Томас рассмеялся. Его смех вскоре перешел в хохот, а Стюарт продолжал смотреть на него с улыбкой, с кротким интересом.
— Стюарт, ты бесподобен. Ты просто выключил себя из стадии человеческого эгоизма. Срыть гору легко, но изменить к лучшему характер человека значительно труднее. Но ты, похоже, решил, что уже сделал это одной силой мысли!
— Что плохого в мыслях? — отозвался Стюарт. — Мышление — разновидность действия. И почему меня должен беспокоить мой характер? К тому же это очень неопределенная концепция. Тут сразу подходишь к концу психологии, а в подробных моральных теориях вообще нет смысла.
— Именно это на днях сказал твой отец!
— Он имел в виду, что все это глупости. А я утверждаю, что разговоры о духовной жизни и тому подобном — материи слишком абстрактные. Тут дело не в объяснении. Многие важные вещи не имеют объяснений.
— Да-да, конечно. И умственная деятельность — это тоже действие. Но твое мышление не есть теоретизирование, это не систематические мысли…
— Невинность — сильная идея. Чистота, святость… Идеи — это сигналы, или указатели, или убежища, или места, где ты можешь найти отдохновение… Мне трудно описать.
— Конечно. Из тебя так и сыплются метафоры. Ты молишься? Или что-то в этом роде. Медитируешь?
— Да.
— Ты умоляешь о помощи, зовешь благодать, да?
— Да.
— Ты преклоняешь колена?
— Ну… бывает иногда.
— Я не слишком бесцеремонен?
— Нет пока.
— И никто тебя этому не учил?
— Да нет, конечно же! Послушайте, Томас, это же совершенно обычные, нормальные вещи, ничего противоестественного в них нет!
— И все это естественным и безболезненным образом возникло из твоего туманного англиканского детства. В школе ты не был религиозен.

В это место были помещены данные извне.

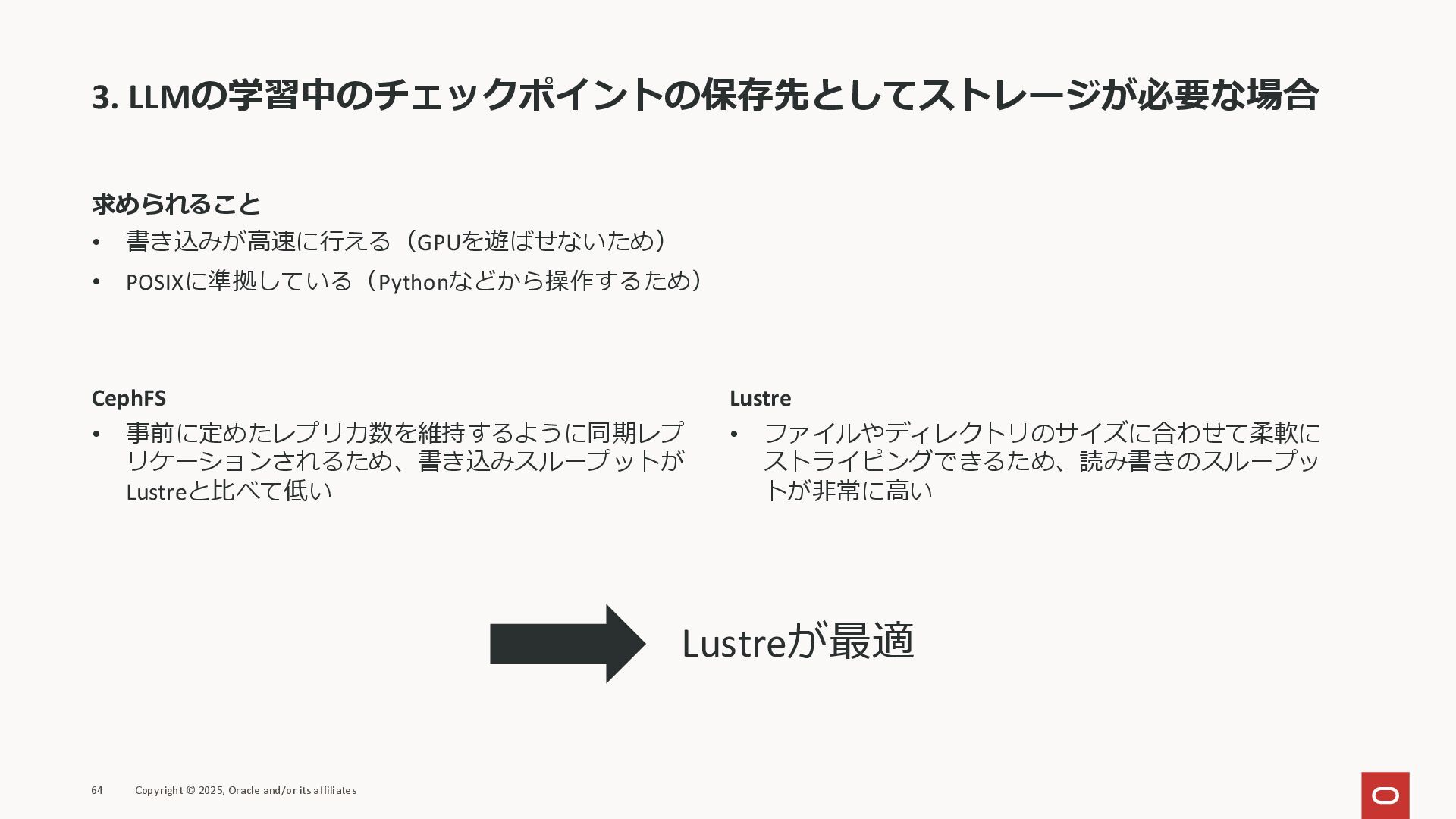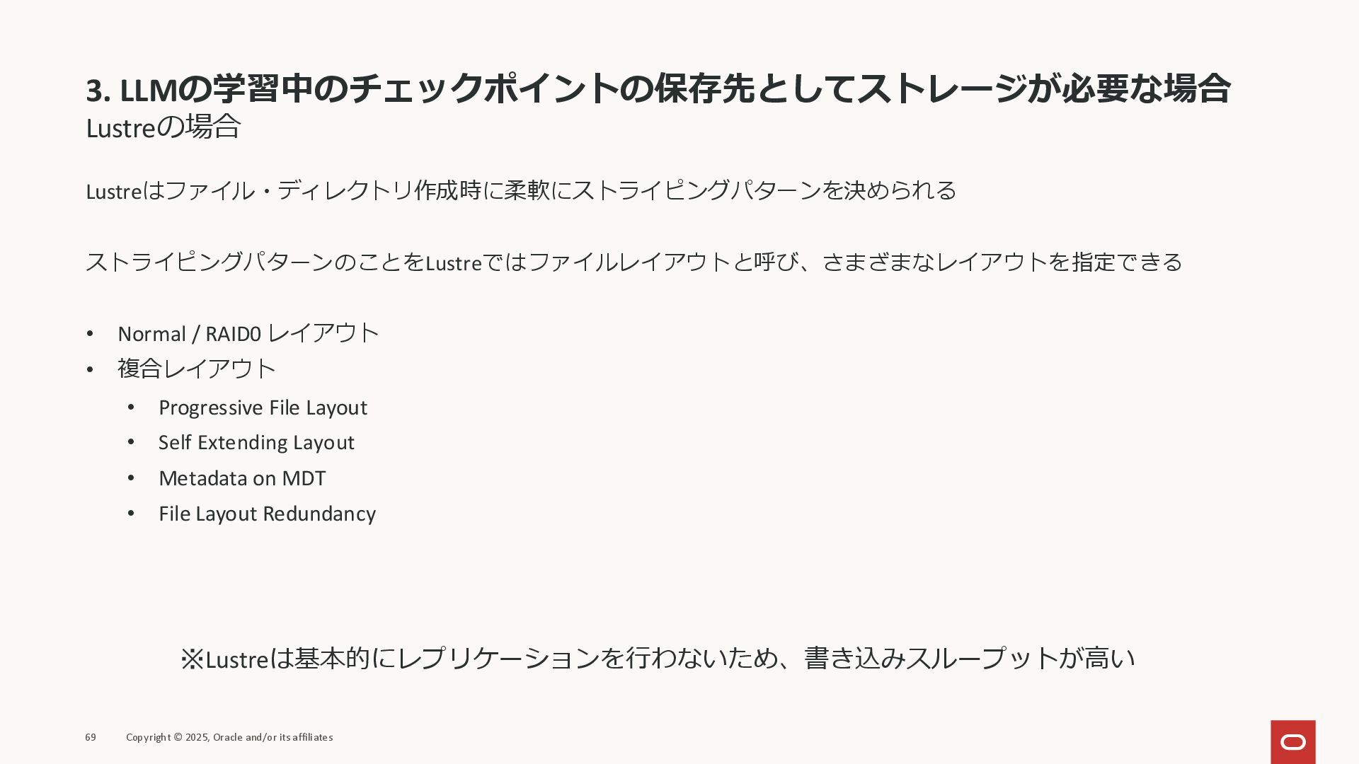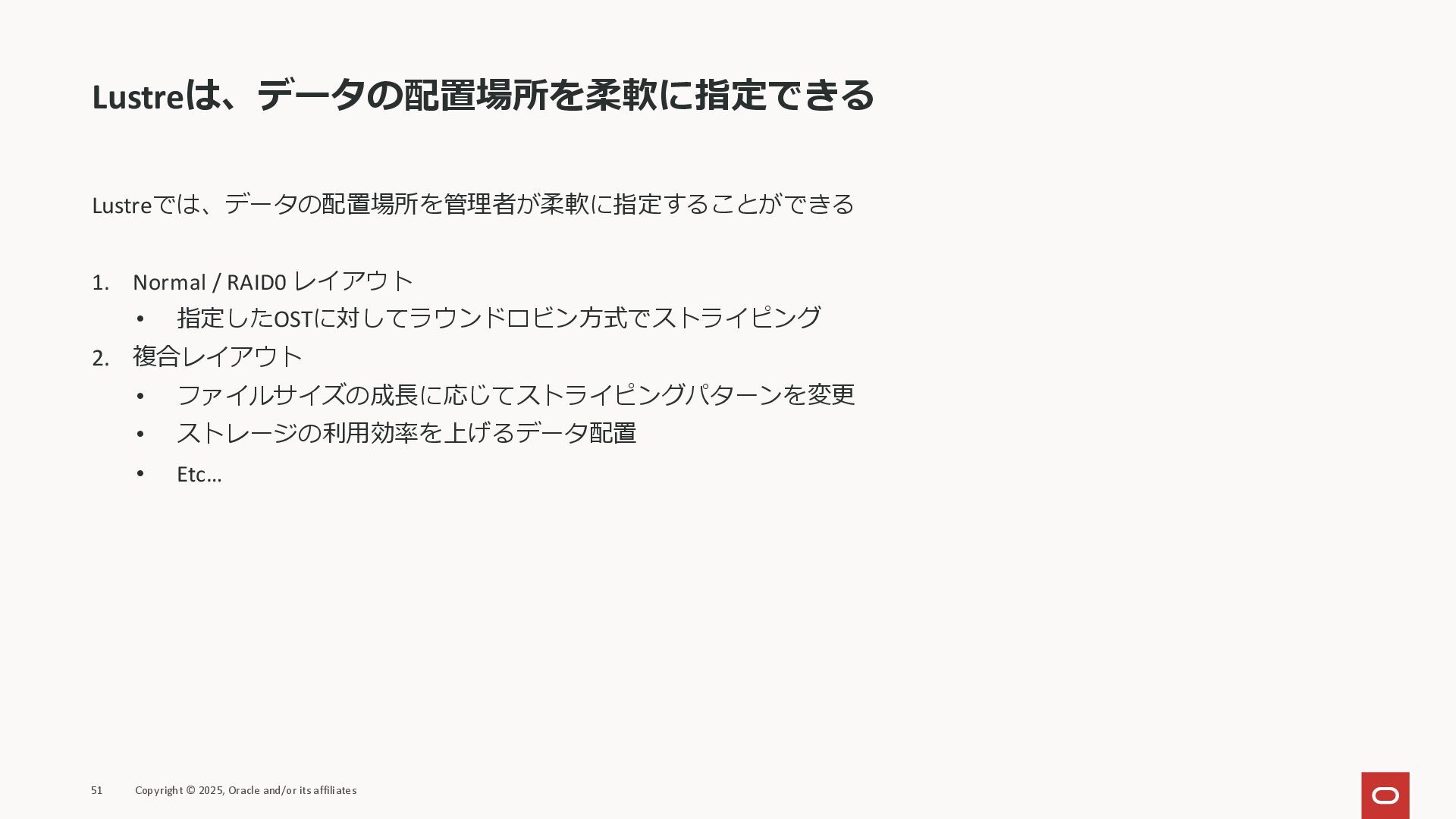 2025, Oracle and/or its affiliates CephFS • 事前に定めたレプリカ数を維持するように同期レプ リケーションされるため、書き込みスループットが Lustreと比べて低い Lustre • ファイルやディレクトリのサイズに合わせて柔軟に ストライピングできるため、読み書きのスループッ トが非常に高い Lustreが最適

— Ну, есть и такая вещь, как взросление.
— А как насчет Иисуса?
— Что насчет Иисуса?
— Ты сказал, что тебе не нужен учитель. Но разве мимо Иисуса можно пройти?
Стюарт нахмурился.
— Он не учитель. Он, конечно же, присутствует. Но он не Бог.
— Ну хорошо. Я тебя терзаю? Или тебе нравится наш разговор?
— Вы все ставите с ног на голову. Я хочу уцепиться за этот мир напрямую, как… как художник…
— Как паук?
— Как художник. Я не воображаю себя каким-то там мудрецом, я не верю в мудрецов. И никакой программы действий нет, кроме одной: человек должен зарабатывать свой хлеб насущный, а мне очень хочется помогать людям. Это состояние души.
— А некоторые называют его затянувшимся детством. О да, благодатное ощущение взросления — счастливое чувство, свойственное некоторым юнцам. Сознательная, великолепная невинность. Хочется сохранить эту невинность навсегда, сберечь это видение благодати, ощущение всесилия и власти, не дать погаснуть этому свету… Да, это может показаться легким делом. Но, бог мой, тебя неправильно поймут!
— Меня уже неправильно поняли!
— Да, но пока это не приносит вреда. Потом тебя возненавидят. Может, уже ненавидят. Тебя будут называть застенчивым импотентом, закомплексованным, отсталым в развитии, инфантильным… бог знает кем. Но неужели ты и в самом деле думаешь, что сумеешь прожить одной невинностью?
— Нет… Есть и кое-что еще.
— Например?
Стюарт помедлил.
— Ну скажи мне.
— «А ну-ка, канонир, забей заряд потуже, прицелься в тот корабль. Испании рабом не стану я, я — Божий раб»[36].
— Что ты несешь, Стюарт?
Стюарт произнес тихим голосом, словно открывал тайну:
— Мужество, всего лишь мужество. Готовность умереть. Звучит ужасно глупо, но эти поэтические строки в известном роде передают мою мысль.
— Любимое стихотворение всех юнцов. По крайней мере, так было когда-то. Твой отец наверняка его любил, и уж вне всяких сомнений — твой дедушка! Прости меня, ради бога!
— Я слишком много говорю.
— Ты говоришь прекрасно. Пожалуйста, продолжай. Поскольку мы перечисляем все самое важное, что ты скажешь о любви?
— О чем?
— О любви.
— Ах, о любви.
— Не хочу говорить вещи, которые ты называешь абстракциями или литературщиной и сентиментальщиной, но разве любовь не лежит в основе всего, что тебя заботит, твоего душевного состояния, твоего сладостного нектара?
— Я в этом не уверен, — ответил Стюарт. — Я думаю, любовь должна сама заботиться о себе. То есть она должна как бы самоуничтожиться.
— Самоуничтожиться?
— Она должна прекратить быть тем, что она есть. Поэтому она не может быть самоцелью…
— Я вижу, эта тема тебя смущает.
— Нет, просто я не могу о ней думать. Я, так сказать, хочу нырнуть в этот пруд там, где поглубже.